SEO/GEO improvements: structured data, llms.txt, sitemap, expanded robots by ampedraszewska · Pull Request #1 · freezer3/vastpoint-test

ampedraszewska · 2026-04-29T11:59:19Z

Why

When founders ask LLMs (ChatGPT, Claude, Perplexity, Gemini) "which VC funds invest at seed in Poland / CEE?", Vastpoint doesn't appear in the answers — even though we have strong launch press (MamStartup, MyCompany Polska, Sifted, EU-Startups, Vestbee, AIN.ua).

The reason is simple: vastpoint.vc is a client-side React SPA, so when an LLM crawler (GPTBot, ClaudeBot, PerplexityBot) hits the page, it sees a nearly empty HTML document — only <title>vastpoint ventures</title> and <div id="root"></div>. All the actual content (team, thesis, portfolio) lives behind a JS bundle that crawlers don't execute reliably.

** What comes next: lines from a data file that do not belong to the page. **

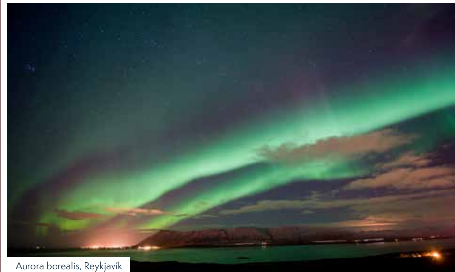
Aurora borealis, Reykjavik
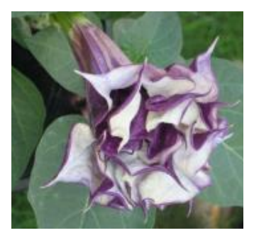
Datura Ballerina Double Purple

Sun or shade 3' x 15". Silver foliage that creeps and spills over containers
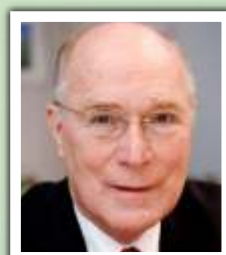
Dr. Rudy Rabbinge Special Envoy – Food Security, Government of Netherlands
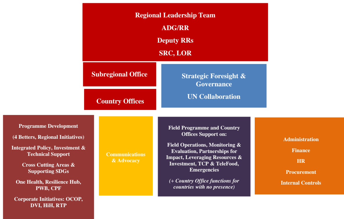
Figure 2. FAO Regional Office for Europe and Central Asia (REU) – Transformed structure 12

5. The revised set-up was designed with built-in flexibility to adapt its main features to the specificity of each region. The implemented, transformed structures of the Regional Office for Europe and Central Asia (REU) and Subregional Office for Central Asia, integrating some region-specific features, is provided in Figures 2 and 3 below.
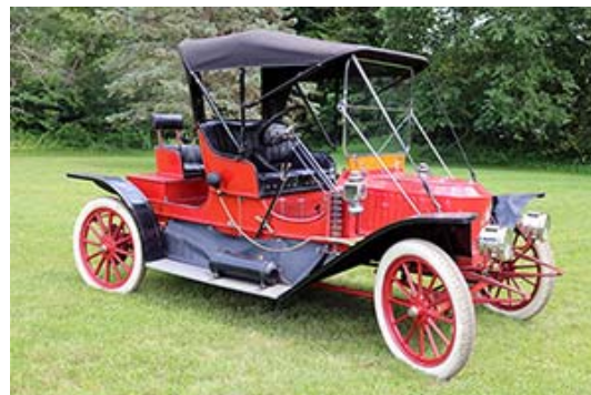
1911 Stanley Model 61 Roadster
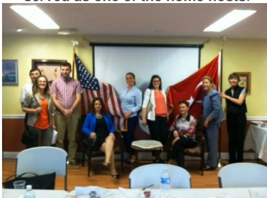
Lunch at the Turkish Cultural Center
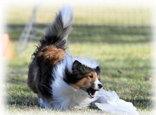
Bennett going for the grab!

Below are some photos of Fast CAT runs and an AKC photo that depicts how the Fast CAT course is set up for the 100 yard dash. There is a fenced area to release your dog and a longer area to catch you pup.
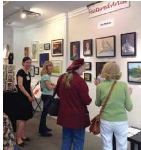
Admiring the Work
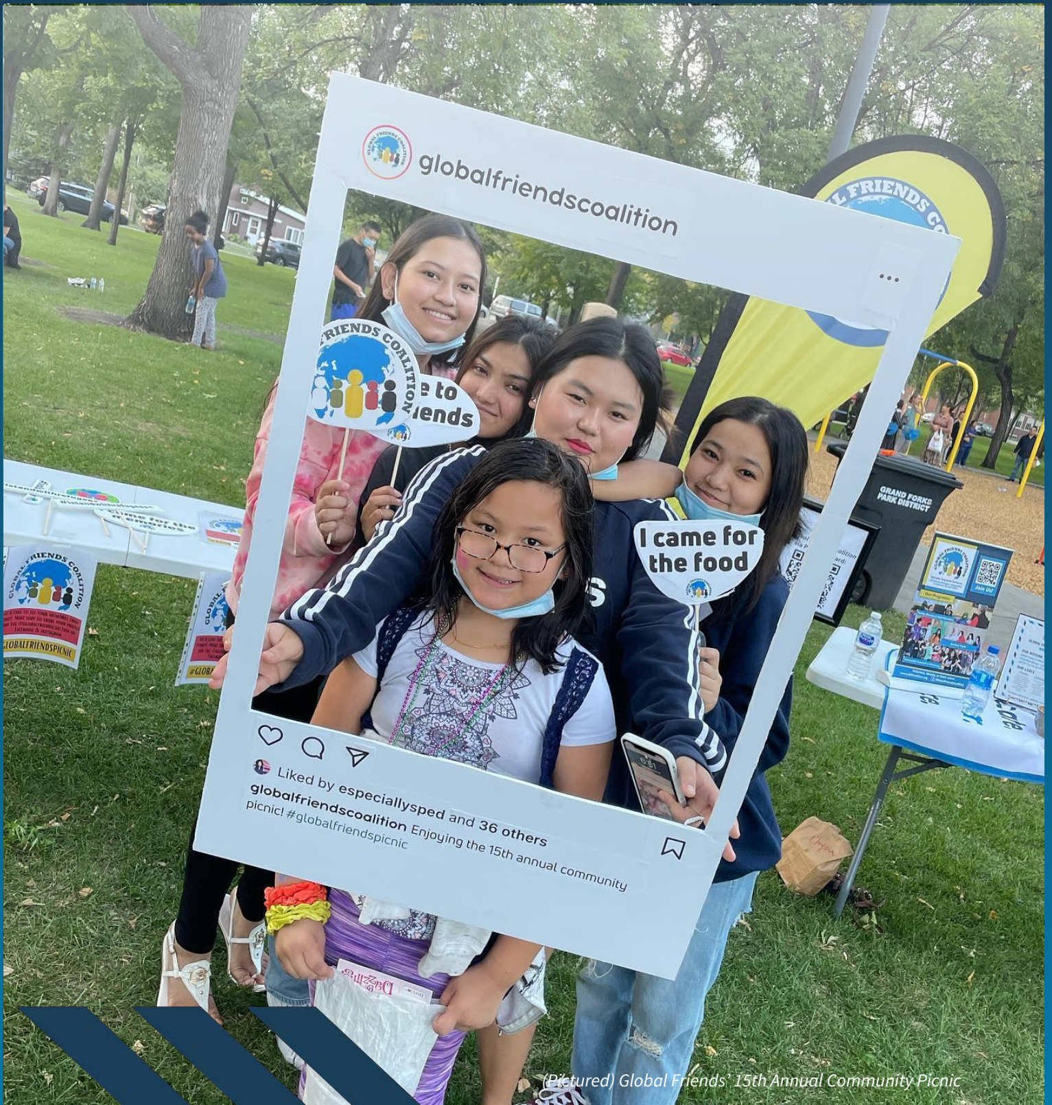
(Pictured) Global Friends' 15th Annual Community Picnic

For more information, to volunteer, or to request a volunteer:
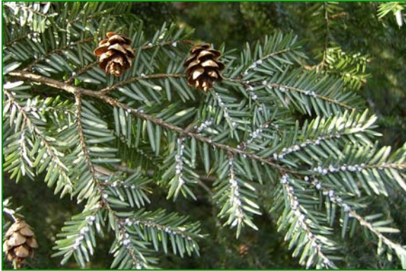
Hemlock tree infested with Hemlock Woolly Adelgid
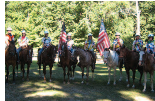
Another terrific Drill Team performance.
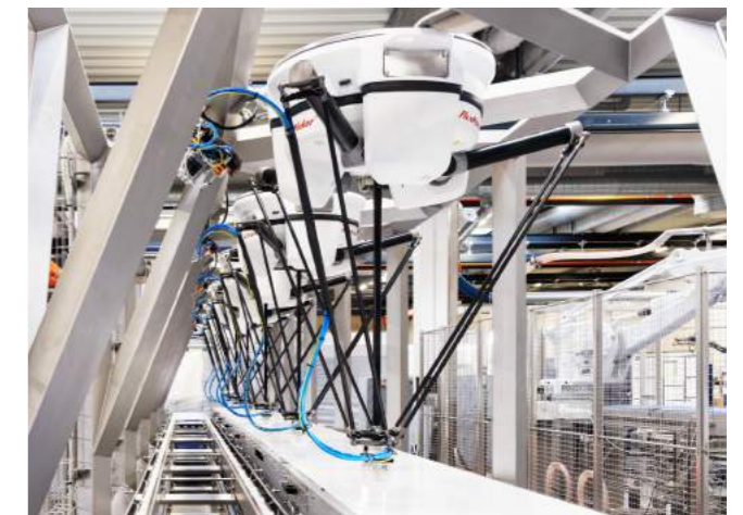
Pick & place system for pouches (pet food)
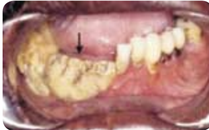
Figure 4: Unilateral necrosis of the mandible (arrow) in an HIV-positive man with a CD4 count of less than 200.

Spontaneous bone necrosis of the mandible, occurring during an acute attack of herpes zoster, has been seen in immunocompromised patients. 5 The patients present with the unilateral vesicles of herpes zoster, with subsequent unilateral exfoliation of the teeth in the necrotic mandible (see Figure 4).

This PR doesn't fix the SPA-rendering issue (that comes in a follow-up — likely react-snap or vite-react-ssg to pre-render static HTML). What it does is give crawlers maximum information from the initial HTML payload right now, with zero functional or visual changes to the live site.

What changed

index.html — expanded <head>:

Rich <title> and <meta name="description"> covering fund stage, sectors, team
Canonical URL
Expanded Open Graph and Twitter Card meta
Two JSON-LD blocks (Organization + WebSite) following schema.org spec, including:
- Founders (Aleksandra, Karolina, Zuzanna) with LinkedIn sameAs links
- Addresses (Warsaw, New York)
- sameAs links to LinkedIn, X, Dealroom, Substack, and press coverage on Vestbee, EU-Startups, Sifted

public/llms.txt (new) — emerging standard for LLM crawlers (markdown they parse natively):

Fund details (size, stage, ticket, geography, sectors, LPs)
Full team bios
Portfolio: Replenit, Howie, Polyvia (with rounds, valuations, customers)
Press links
Contact info

public/sitemap.xml (new) — discovery for crawlers.

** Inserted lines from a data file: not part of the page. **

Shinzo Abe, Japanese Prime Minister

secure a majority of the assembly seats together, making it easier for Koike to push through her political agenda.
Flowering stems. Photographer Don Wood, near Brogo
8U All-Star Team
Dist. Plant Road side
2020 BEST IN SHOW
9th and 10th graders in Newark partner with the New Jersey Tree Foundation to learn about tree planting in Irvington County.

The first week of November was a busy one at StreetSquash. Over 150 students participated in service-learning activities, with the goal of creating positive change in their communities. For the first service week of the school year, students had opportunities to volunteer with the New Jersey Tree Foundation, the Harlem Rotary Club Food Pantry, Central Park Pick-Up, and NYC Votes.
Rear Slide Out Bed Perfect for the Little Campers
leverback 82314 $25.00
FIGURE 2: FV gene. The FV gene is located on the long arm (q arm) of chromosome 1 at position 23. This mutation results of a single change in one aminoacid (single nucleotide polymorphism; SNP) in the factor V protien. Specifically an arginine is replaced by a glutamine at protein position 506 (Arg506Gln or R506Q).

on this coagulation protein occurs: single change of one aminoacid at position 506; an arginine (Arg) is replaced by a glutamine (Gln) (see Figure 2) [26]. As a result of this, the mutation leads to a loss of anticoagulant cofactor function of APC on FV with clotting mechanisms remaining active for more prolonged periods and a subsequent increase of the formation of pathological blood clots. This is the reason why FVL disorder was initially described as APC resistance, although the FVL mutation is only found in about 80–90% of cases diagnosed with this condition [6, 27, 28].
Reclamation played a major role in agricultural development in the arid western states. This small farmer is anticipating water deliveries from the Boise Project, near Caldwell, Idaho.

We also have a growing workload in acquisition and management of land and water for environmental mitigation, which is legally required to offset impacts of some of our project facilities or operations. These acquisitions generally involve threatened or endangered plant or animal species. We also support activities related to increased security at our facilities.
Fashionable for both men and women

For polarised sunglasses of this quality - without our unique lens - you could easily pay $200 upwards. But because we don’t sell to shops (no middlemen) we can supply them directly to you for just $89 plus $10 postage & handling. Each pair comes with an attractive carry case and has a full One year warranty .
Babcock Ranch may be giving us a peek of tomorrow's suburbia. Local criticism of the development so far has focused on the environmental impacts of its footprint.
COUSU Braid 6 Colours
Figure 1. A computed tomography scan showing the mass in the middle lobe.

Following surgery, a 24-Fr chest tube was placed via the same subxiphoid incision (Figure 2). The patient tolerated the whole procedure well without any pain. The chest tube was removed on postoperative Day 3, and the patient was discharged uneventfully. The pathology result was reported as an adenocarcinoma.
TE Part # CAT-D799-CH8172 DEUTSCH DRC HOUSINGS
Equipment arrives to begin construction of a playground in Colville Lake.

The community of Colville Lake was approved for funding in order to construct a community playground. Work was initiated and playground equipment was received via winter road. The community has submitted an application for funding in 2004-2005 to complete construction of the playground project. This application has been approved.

public/robots.txt (updated) — explicit Allow: / for the bots that matter:

LLM training: GPTBot, ClaudeBot, anthropic-ai, Claude-Web, PerplexityBot, Google-Extended, CCBot, cohere-ai, Applebot-Extended, meta-externalagent
LLM retrieval/answering: ChatGPT-User, OAI-SearchBot, Perplexity-User
Existing bots (Googlebot, Bingbot, Twitterbot, facebookexternalhit) preserved

Tests

npm run build passes locally (Vite 5.4, all 1665 modules transformed)
dist/ contains all new files (llms.txt, sitemap.xml, updated robots.txt, expanded index.html)
404.html SPA fallback still generated by existing copy404Plugin
JSON-LD validates against schema.org Organization spec

Test after merge

After GitHub Actions deploys, verify crawler view:

curl -A "GPTBot/1.0" https://vastpoint.vc/ | head -100      # rich head, JSON-LD
curl https://vastpoint.vc/llms.txt                          # full fund profile
curl https://vastpoint.vc/sitemap.xml                       # sitemap
curl https://vastpoint.vc/robots.txt | grep -c GPTBot       # ≥1

Then submit https://vastpoint.vc/sitemap.xml to Google Search Console, and run a Rich Results test on https://search.google.com/test/rich-results — JSON-LD should validate as Organization + WebSite.

What's NOT in this PR

No React component changes
No visual changes
No build pipeline changes (Vite + GitHub Actions deploy unchanged)
No prerender plugin (intentionally separate — bigger change, separate PR)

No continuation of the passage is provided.